NSF Collaborative Research: D-ISN: Mitigating the Harm of Fentanyl through Holistic Demand/Supply-Chain Interventions and Equitable Resource Allocations. 2240360 Grant uri icon

abstract

  • The objective of this Disrupting Operations of Illicit Supply Networks (D-ISN) research project is to investigate advanced methods and tools to mitigate the harm caused by the distribution and use of illicit opioids in the U.S. The project seeks to reduce the harm caused by illicit opioids by developing methods to study interventions on both the supply-side (by studying the supply chain of opioids) and demand-side (by shifting user pathways towards recovery) and to provide effective resource allocation between these different approaches. The convergent research agenda, augmented with collaboration from multiple community organizations, from courts, law enforcement, to public health, will integrate methods from criminology, public health, and operations research. This research will help to improve our understanding of the operations of illicit opioid supply chains, especially how fentanyl and its analogs find their way into other drugs and how to prevent their flow to users. On the demand-side, the project will enhance understanding of the impact of harm reduction strategies through user pathways to addiction.
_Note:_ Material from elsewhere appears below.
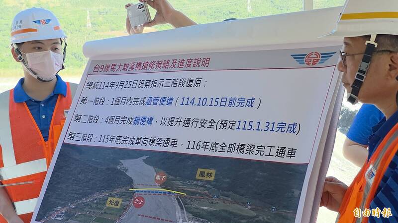 公路局也指出,涵管橋通車後,第二階段是鋼便橋的搶修,全長560公尺、橋寬12公尺,總經費4.3億元,將在本月15日發包,預計明年1月31日通車,鋼便橋不限車種通行;第三階段的馬太鞍溪新建將抬高橋梁、增加跨距減少落墩,強化橫向抗衝擊能力,預計今年底前發包、北上線2026年底完成、南下線2027年底完成。

Overall, the project aims to improve the equitable and optimal allocation of demand- and supply-side intervention resources to mitigate the harm caused by illegal opioid use. 

    The project advances and integrates multidisciplinary methods from product design, production, distribution, graph/network theory, optimization, data science, machine learning, agent-based simulation, and fair allocation to reduce harm caused by fentanyl and illicit opioids. The project has three main thrusts. First, the project investigates supply-Side disruptions through understanding the intersections of fentanyl and other Illicit opioid products and distribution networks. This thrust employs a Bill-Of-Materials perspective on product adulteration, transfer learning between licit and/or Illicit supply chains to fill-in data gaps and understanding and modeling the distribution network with multi-commodity flow disruption models for harm reduction. Secondly, the project studies demand-side interventions for different fentanyl user groups. This thrust comprises an investigation of opioid users? motivations and pathways to use illicit opioids/fentanyl through semi-structured interviews and surveys, fentanyl dispersion in communities, and agent-based models of drug use and harm reduction strategies. The third thrust develops resource allocation models to study the effects of interventions, law-enforcement, and medication-assisted treatments through simulation modeling. The project will make use of definitions of harm, equity, and fairness in distribution of interventions/resources across socioeconomic groups, and new holistic optimization, and simulation models to bring together demand-side and supply-side decisions.